1. ## hard integration problem

problem is integrate (5^x + 2e^5lnx) dx

I can only think to take the natural log of both sides :

xln5 + (5lnx)(ln2e)

so then I try to integrate by parts for xln5 and get :
xln5 = (ln5(x^2))/2 - (ln5(x^2))/2 + xln5 OR 0=0.

So integration by parts for xln5 wont work

So next thing and last thing I can think of is to combine ln5^x +ln2e^5lnx =
integral of ln[(5^x)(2e^5lnx)]

But how do I do this? no clue.

2. Is it 2e^(5lnx)?

3. Originally Posted by frankinaround
problem is integrate (5^x + 2e^5lnx) dx

I can only think to take the natural log of both sides :

xln5 + (5lnx)(ln2e)

so then I try to integrate by parts for xln5 and get :
xln5 = (ln5(x^2))/2 - (ln5(x^2))/2 + xln5 OR 0=0.

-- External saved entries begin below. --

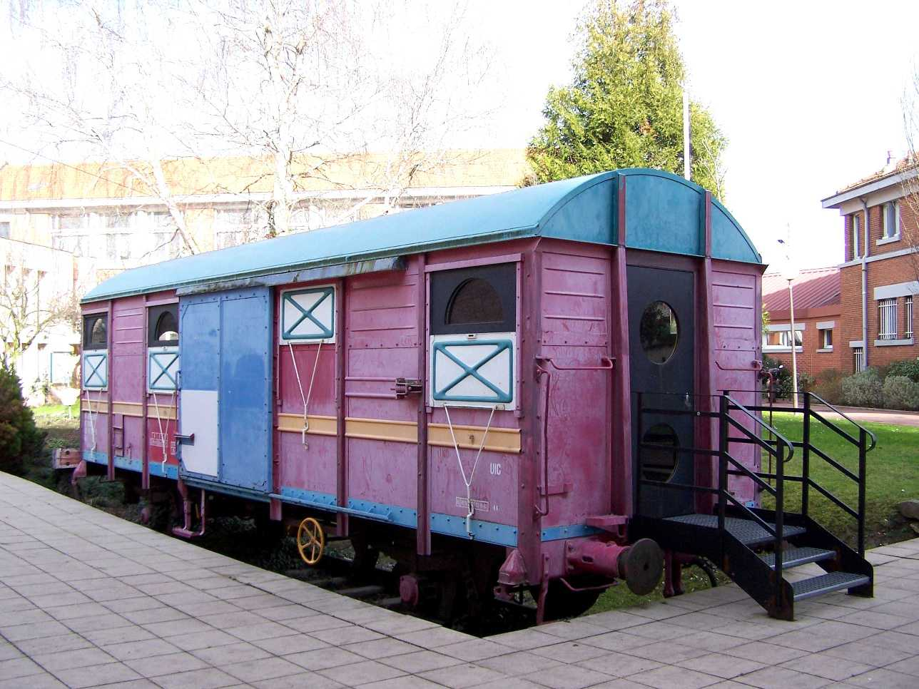 Old railway wagon in the town hall of Achères (Yvelines, France)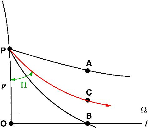 Horoparallel and angle of parallelism.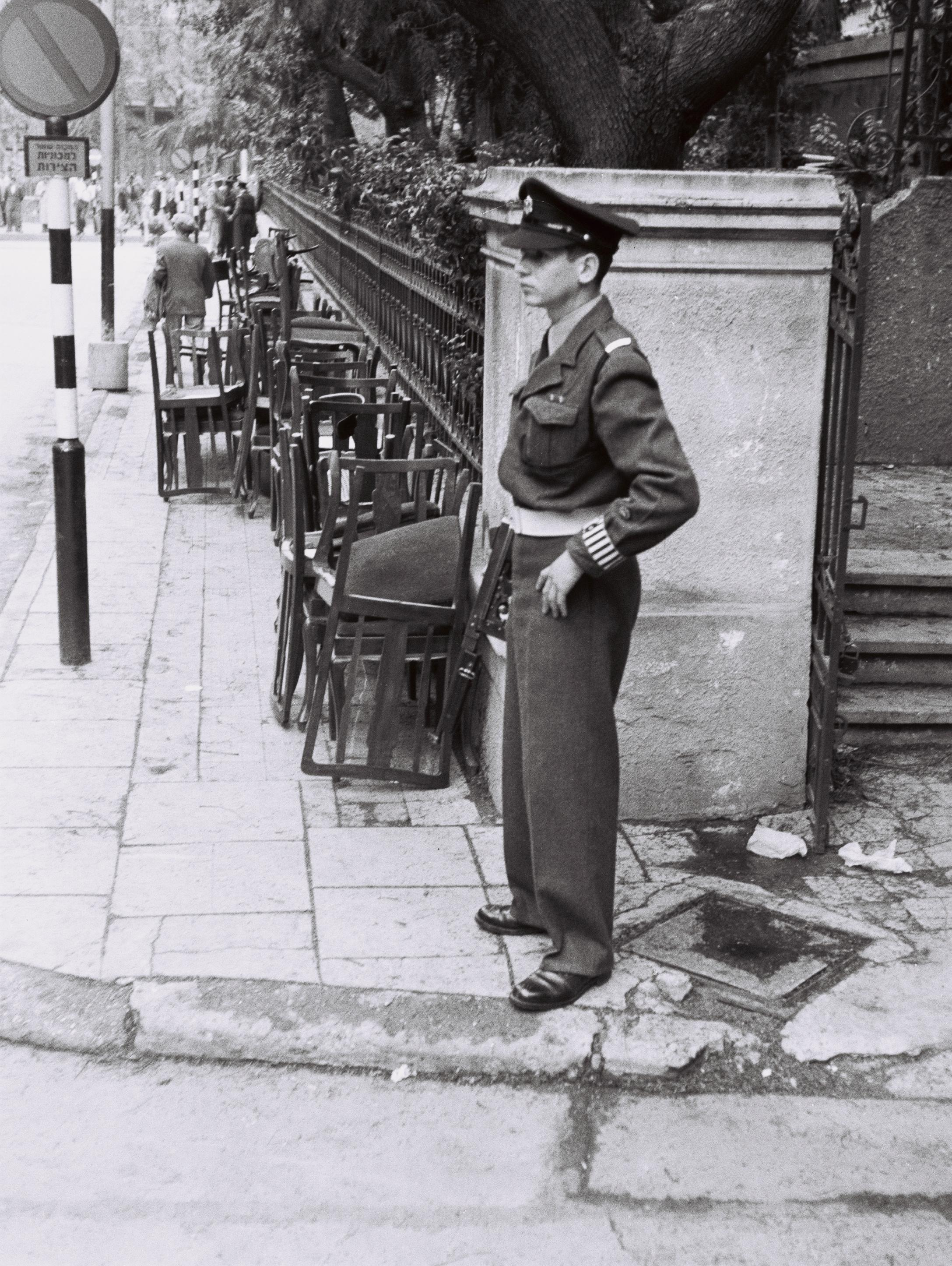 Policeman guarding furniture on the sidewalk during the move out of personnel from Russian embassy on Rothchild blvd. in Tel Aviv.

So integration by parts for xln5 wont work

So next thing and last thing I can think of is to combine ln5^x +ln2e^5lnx =
integral of ln[(5^x)(2e^5lnx)]

But how do I do this? no clue.
e^{5 \ln x} = e^{\ln x^5} = x^5

5^x = e^{kx} where k = \ln (5).

You should know how to integrate both of the above.

4. Originally Posted by mr fantastic
e^{5 \ln x} = e^{\ln x^5} = x^5

5^x = e^{kx} where k = \ln (5).

You should know how to integrate both of the above.
wow wow yeah I get it. 2e^5lnx = 2x^5 right, but 5^x I dont follow AS well, can you elaborate on that just a LITTLE bit?

5. integral of a^x is (a^x)/(ln a) + C

6. Originally Posted by frankinaround
wow wow yeah I get it. 2e^5lnx = 2x^5 right, but 5^x I dont follow AS well, can you elaborate on that just a LITTLE bit?
Let y = 5^x.

Then ln(y) = x ln(5).

Exponentiate both sides to base e:

y = 5^x = e^{x ln(5)}.